Two checkpoint files are maintained per run:

File Contents When saved
checkpoints/best_lmgcn.pt Model weights only When val loss improves
checkpoints/last_lmgcn.pt Model + optimizer + scheduler + epoch + patience state Every epoch (atomic write)

Training logs epoch loss, accuracy, and mean confidence (max softmax probability):

Epoch 001/100 | train_loss=0.5231 | val_loss=0.4812 | val_acc=0.7634 | val_conf=0.8120

Evaluation

# LM-GCN binary
uv run evaluate --checkpoint checkpoints/<run_id>/best_lmgcn.pt --config configs/lmgcn/binary.yaml

# LM-GAT multiclass
uv run evaluate --checkpoint checkpoints/<run_id>/best_lmgat.pt --config configs/lmgat/multiclass.yaml

Prints function-level classification report (precision, recall, F1, AUC-ROC) and statement-level localization metrics.

Saved to results/:

File Description
predictions.csv y_true, y_pred, confidence, correct, prob per class
localization_scores.csv per-(function, line): score + is_flaw_line flag
metrics_summary.json all scalar metrics + curve arrays (NaN → null)
roc_curve.png ROC curve (OvR per class for multi-class)
confusion_matrix.png confusion matrix (all classes shown)
pr_curve.png Precision-Recall curve
recall_at_loc_curve.png Recall@K%LOC curve (only if flaw GT exists)
ifa_distribution.png IFA histogram (only if flaw GT exists)

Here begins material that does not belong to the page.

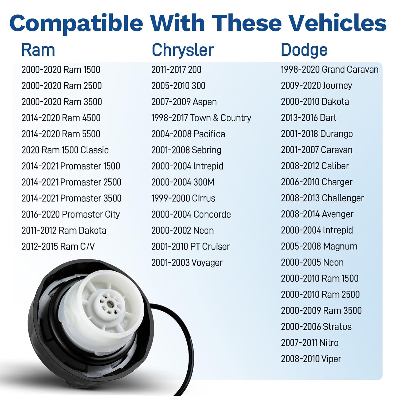 O FlyCoco Replacement Gas Cap é a solução ideal para quem busca um tampão de combustível de alta qualidade e compatível com uma ampla gama de veículos. Este produto é projetado para atender às necessidades de motoristas de modelos Dodge, Jeep e Chrysler fabricados entre 2000 e 2019, incluindo os populares Ram 1500, 2500, 3500, Jeep Wrangler JK e TJ, Grand Cherokee, Dodge Charger, Grand Caravan, entre outros.

Statement-level localization metrics (LineVul/WAVES definitions, requires flaw-line GT in .meta.json):

  • Top-10 Accuracy — fraction of functions with ≥1 flaw line in top-10 ranked statements
  • IFA — mean clean lines inspected before the first flaw line (lower = better)
  • Effort@20%Recall — fraction of all lines to inspect to catch 20% of flaw lines (lower = better)
  • Recall@K%LOC — flaw recall when inspecting top K% of lines (1%, 5%, 20%)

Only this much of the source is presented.